Video: Jack Jones Tells Enterprise Security Weekly Infosec Makes Risk Management Harder than It Has to Be

Jack Jones FAIR Training copyFAIR Institute Chairman and FAIR model creator Jack Jones gives a concise, high level view of the limitations of conventional thinking in the cybersecurity profession, and how FAIR and a quantitative approach to cyber risk shows the way forward, in this Enterprise Security Weekly podcast hosted by Paul Asadoorian.

 


Watch Jack Jones on the Security Weekly podcast

Paul kicks off the discussion asking Jack about a common problem for enterprise cybersecurity practitioners: how to prioritize among vulnerabilities and risks.

Jack answers that “in some ways our profession makes it harder than it has to be. An example is CVSS, which is generally the scoring model for technical vulnerability. Although it does a good job of characterizing the exploitability of various deficiencies, it’s nowhere close to being a representation of how much risk exists because it leaves out of the equation a couple of the critical factors that exist,” namely the probable frequency and probable magnitude of future loss (to crib from the FAIR definition of risk).

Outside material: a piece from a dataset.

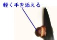 右利きの人の場合普通は右から左に向かって切ってゆきますがこれは左 から右に向かって切ってゆきます。 素材の左側に軽く手を添え包丁をねかせてそぐようにして切ります。包 丁をねかせる角度によって切り口の大きさも変わり、切り口の面積が大 きい程味がしみやすくなります。白菜・しいたけなどに。

View this video and learn how Jack approaches…

  • Assessing threats from insider and external actors
  • Lack of coherent or consistent definitions of cyber risk
  • Problems with using NIST CSF or other checklist or maturity models to prioritize risks.

Jack gives a great summation of FAIR and how quantitative analysis works. The bottom line?

“Everything we do in the cybersecurity realm should affect the probability or the magnitude of loss occurring,” Jack says.